## Class 10 - Image encoding and classification using CNNs and ViTs
In this class, we will use pretrained CNN and transformer models to encode and classify images.
We will use a library you are familiar with, namely Hugging Face's _transformers_, as well as (under the hood) _timm_ (another HuggingFace library, specific to computer vision) and _pytorch_.

### Instructions
**Overall goal**: training a simple fully-connected neural network that classifies snack types from this dataset (https://huggingface.co/datasets/Matthijs/snacks) based on image embeddings extracted from a pretrained ResNet model (https://arxiv.org/abs/1512.03385)

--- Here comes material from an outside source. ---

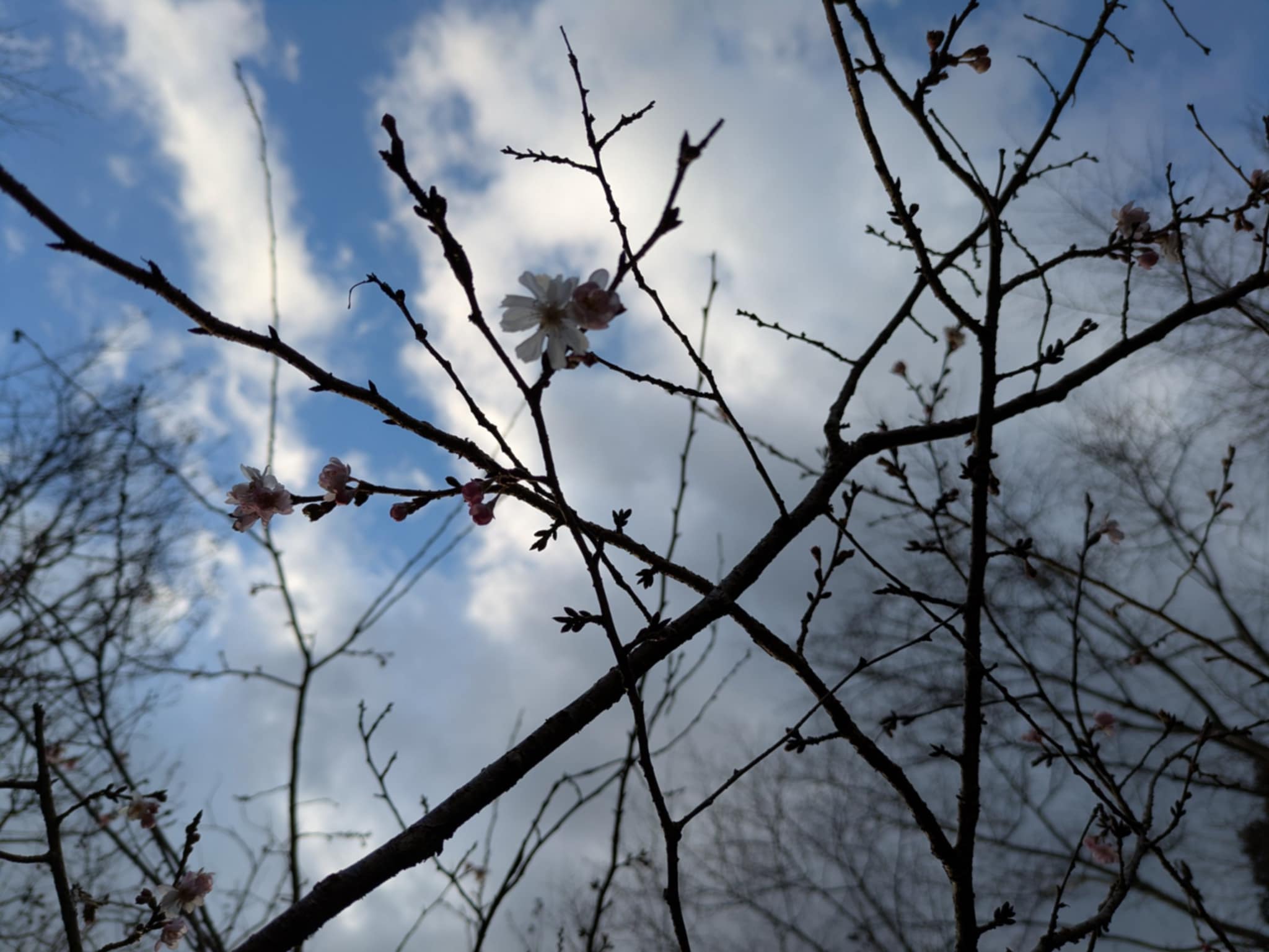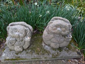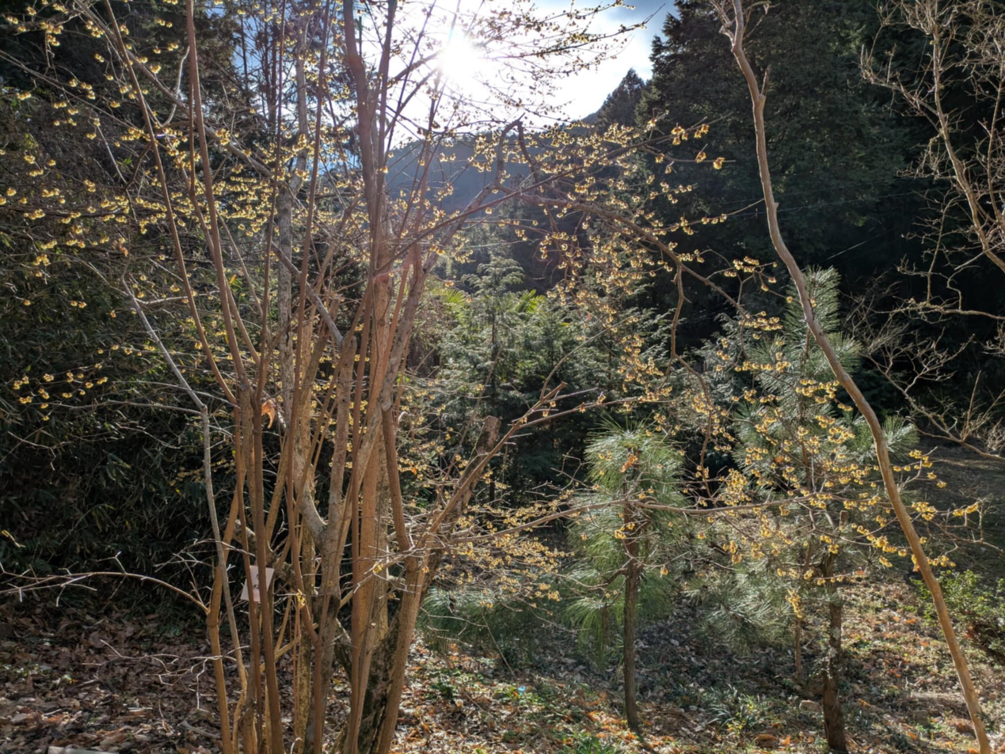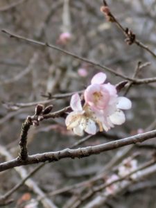 こんな寒い季節だからこそ、愛でられる花もあります。駐車場の端の方、冬になりますと、たぬきさんのそばにはスイセンの花、そのまま少し左に移動すると「十月桜」の木がかわいらしい花をつけ、その隣では、黄色の「蠟梅」の花が咲き、近づくととても良い香りがします。

**Suggestion**: use `example.ipynb` notebook if you are in doubt! This might be especially helpful with respect to Pytorch. All we will use Pytorch for, here, are things we already did as part of NLP, but if you have not used Pytorch since it is perfectly understandable that you need a reminder.

Steps:
1. Use Hugging Face's `dataset` library to import the dataset: https://huggingface.co/datasets/Matthijs/snacks. Import the training and the test splits from this dataset, and visualize the frequency of each class.
2. Load a pretrained ResNet model using HuggingFace's `transformers`. Check the documentation (https://huggingface.co/docs/transformers/en/model_doc/resnet, https://huggingface.co/microsoft/resnet-50) for more details on how to load the model. Visualize the structure of the model, and reflect on how each of the blocks works, based on what we discussed in the lecture;
3. Extract ResNet embeddings for all the images in the training set and all the images in the test set. You will need to look for the `pooler_output` attribute of the model's output. This sounds complex, but it's really just a minor change over the examples presented in the model's documentation;
4. Optional: apply dimensionality reduction to the embeddings using TSNE (https://scikit-learn.org/stable/modules/generated/sklearn.manifold.TSNE.html): is any information about the labels encoded in the embeddings?
5. Train a simple neural network that, for each image in the training set, takes the embeddings as inputs and predicts the snack label
    - You will have to create a Pytorch `Dataset` (https://pytorch.org/tutorials/beginner/basics/data_tutorial.html) where both your embeddings and your labels are included.
    - You will also have to create a `Dataloader` for the training set, as this will make it much easier to do things like batching and shuffling
    - You need to specify the loss and the optimizer
    - Then, you need to specify a training loop. Remember the neural net gymnastics:
        - Do the forward step, i.e., make a prediction
        - Compute the loss based on predictions and true labels 
        - Compute gradients
        - Propagate gradients (backpropagation)
6. Evaluate the resulting model:
    - Make predictions for all examples in the test set
    - Use `sklearn.metrics` utils (https://scikit-learn.org/stable/modules/model_evaluation.html#classification-metrics) to compute accuracy and F1-score
    - Also plot the confusion matrix, to see which categories are most often confused
7. Explore zero-shot classification for computer vision
    - Try classification on custom labels on one of the images from today's dataset. To do so, adapt the code provided here: https://huggingface.co/docs/transformers/en/tasks/zero_shot_image_classification, by simply replacing the desired labels and the input
    - Can you get reasonable predictions on more nuanced labels than the ones provided with the dataset?
    - Which kind of models support this behavior? Why?

In [None]:
# label dictionary: inferred from the dataset's online documentation
label_dict = {0: 'apple',
              1: 'banana',
              2: 'cake',
              3: 'candy',
              4: 'carrot',
              5: 'cookie',
              6: 'doughnut',
              7: 'grape',
              8: 'hotdog',
              9: 'icecream',
              10: 'juice',
              11: 'muffin',
              12: 'orange',
              13: 'pineapple',
              14: 'popcorn',
              15: 'pretzel',
              16: 'salad',
              17: 'strawberry',
              18: 'waffle',
              19: 'watermelon'}

### task 1

In [1]:
from datasets import load_dataset

  from .autonotebook import tqdm as notebook_tqdm


In [2]:
dataset = load_dataset("Matthijs/snacks")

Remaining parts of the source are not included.